Terço


No avião, de volta para casa, chego à minha fileira. Minha poltrona é a da janela e um casal idoso já está sentado em seus lugares, barrando minha passagem. A mulher pergunta: é o seu lugar? Diante da minha afirmativa, diz que estavam me esperando. O marido se levanta e ela, na poltrona do meio, pergunta se consigo passar pelo espaço entre as pernas dela e o banco da frente. Consigo, se você não se incomodar se eu esbarrar nas suas pernas. Não, você é magrinha. Não é verdade, mas entendo o que quer dizer. Passo e me espremo no meu lugar, a única coisa possível de ser feita em um espaço tão pequeno. Ela veste uma camiseta cheia de borboletas, com bordados de lantejoulas por cima, o cabelo claro preso numa presilha. Mal me ajeito e ela começa a conversar. Quer saber meu nome, o que faço. Você é artista? Não, trabalho com livros. Achei que você fosse atriz, você tem muitos livros em casa? Tenho sim. Eu também, tenho livros na sala, nos corredores, até no quarto de hóspedes. O que você gosta de ler, ela pergunta. Romances? Sim, gosto de ficção e poesia. O que mais? Psicologia, filosofia, qualquer coisa ligada a ciências sociais. Em algum ponto da conversa, percebi um terço enrolado em seu pulso. Me veio à cabeça a imagem de alguém muito religioso e conservador, o que fez minhas respostas ficarem mais curtas, ressabiadas. Sou assim, custo a me expor, especialmente se imagino que a pessoa vá me achar muito estranha.

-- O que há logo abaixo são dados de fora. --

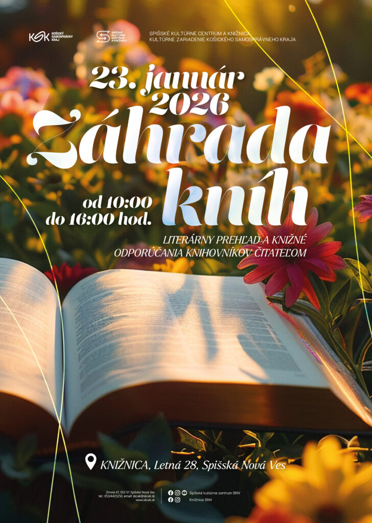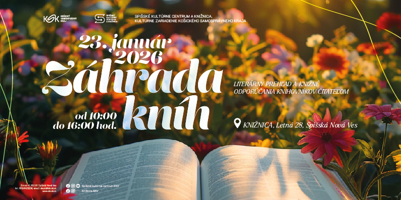 Veľmi radi 23. januára 2026 opäť privítame každého, kto má záujem dozvedieť sa, čo čítajú knihovníci Spišského kultúrneho centra a knižnice, kultúrneho zariadenia Košického samosprávneho kraja. Posedíme si pri káve či bylinkovom čaji a podelíme sa o zážitky z prečítanej literatúry. Všetci ste v knižnici na Letnej 28 vítaní. V priestoroch beletrie pre dospelých sa vám budú od 10.00 do 16.00 hod. venovať knihovníci, ktorí vám ochotne pomôžu aj s výberom kníh, ktoré vám spríjemnia všedné aj víkendové dni.

Ela pede que eu tire uma foto deles, o que faço, e ela tenta mandar a imagem por whattsapp para alguém. Estavam viajando para comemorar 48 anos de casados. Diante de meu espanto, acrescenta, e mais oito de namoro. O avião está prestes a decolar e ela precisa guardar o celular. A conversa continua. Conta ter feito filosofia, direito e psicologia. Olho para aquela senhora faladora, surpresa. Na minha caixinha interna ela era uma dona de casa. Ela segue: comecei com filosofia, meu pai me perguntava o que eu ia fazer com isso. Então fiz direito também, que era o que ele queria. E como psicóloga, trabalhei com terapia familiar.

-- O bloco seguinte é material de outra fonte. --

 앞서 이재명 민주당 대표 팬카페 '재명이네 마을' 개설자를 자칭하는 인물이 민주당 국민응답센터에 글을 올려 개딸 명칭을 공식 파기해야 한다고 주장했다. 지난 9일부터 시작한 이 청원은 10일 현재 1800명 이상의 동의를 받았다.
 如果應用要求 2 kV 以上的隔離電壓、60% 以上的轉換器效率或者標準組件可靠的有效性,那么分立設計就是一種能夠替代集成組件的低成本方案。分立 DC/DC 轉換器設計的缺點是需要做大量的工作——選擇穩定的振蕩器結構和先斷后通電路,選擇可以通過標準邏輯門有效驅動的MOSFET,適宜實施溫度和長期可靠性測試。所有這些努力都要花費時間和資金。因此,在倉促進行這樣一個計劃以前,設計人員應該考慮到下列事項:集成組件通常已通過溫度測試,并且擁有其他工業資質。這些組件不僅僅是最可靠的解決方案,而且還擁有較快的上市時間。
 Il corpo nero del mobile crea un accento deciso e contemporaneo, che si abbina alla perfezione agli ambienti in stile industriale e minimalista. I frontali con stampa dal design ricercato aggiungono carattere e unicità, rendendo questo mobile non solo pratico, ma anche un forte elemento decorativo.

Ao longo da viagem, conversamos mais um pouco durante o jantar e o café da manhã. Ela conta ter sido sempre a que questionava tudo no trabalho, e que isso era resultado de ter estudo filosofia. Em algum ponto, emenda com uma crítica da reforma trabalhista. Diz que que tentam nos fazer acreditar que o capital produz os bens do mundo mas que isso é completamente errado, quem realmente produz as riquezas é o trabalho, são as mãos do trabalhador. De manhã fala sobre um documentário sobre um ativista gay que o marido assistiu no avião e que era muito bom. A gente precisa se informar sobre os que são diferentes de nós, diz ela, ou nos afastamos uns dos outros. Conta que tem um primo gay, artista plástico, que foi passado para trás pelo companheiro na separação e hoje está doente, com Parkinson. Amo meu primo, tenho várias telas dele em casa. Ele morou em Paris um tempo, então passei uma mensagem para ele de lá. Ela fala de racismo, sobre como, algumas vezes, alguns negros reproduzem o comportamento dos brancos. Como as mulheres que facilitam a vida dos filhos homens e exigem mais das filhas mulheres? Exatamente, diz ela. E há mulheres que não gostam dos filhos. A gente tem que ser capaz de entender tudo isso ou não consegue ser terapeuta familiar. Conta que dava aulas sobre libido aos alunos, e que adorava dar aulas para adolescentes porque são desafiadores.
Quando estamos quase chegando em São Paulo, ela começa a procurar o celular e não acha de nenhuma maneira. Revira a bolsa, tira tudo de dentro, faz o marido levantar para olhar no chão, pede ajuda a uma comissária, fala com um dos rapazes da fileira da frente. Ri de si mesma e me diz, agora você pode escrever um texto sobre isso quando chegar em casa. Me assusto, como ela sabe que gosto de escrever? Em nenhum momento falamos sobre isso. O avião pousa, eles abrem caminho para que eu possa descer, e ficam para trás. Nos despedimos e percebo que ela se vê pelo meu olhar como uma velha meio amalucada. Quando estou uns metros à frente, ouço exclamações. Encontraram o celular, dentro de bolsa que havia sido tão revirada. Fico contente por ela e meio triste por mim. Aquele terço no pulso fez com que eu a colocasse embaixo de uma etiqueta que afinal, não representava absolutamente nada de quem era ela. Quantas pessoas abandonei pelo caminho por razões semelhantes? O preconceito nosso de cada dia, evite hoje. L., escrevi o texto, foi bom te conhecer.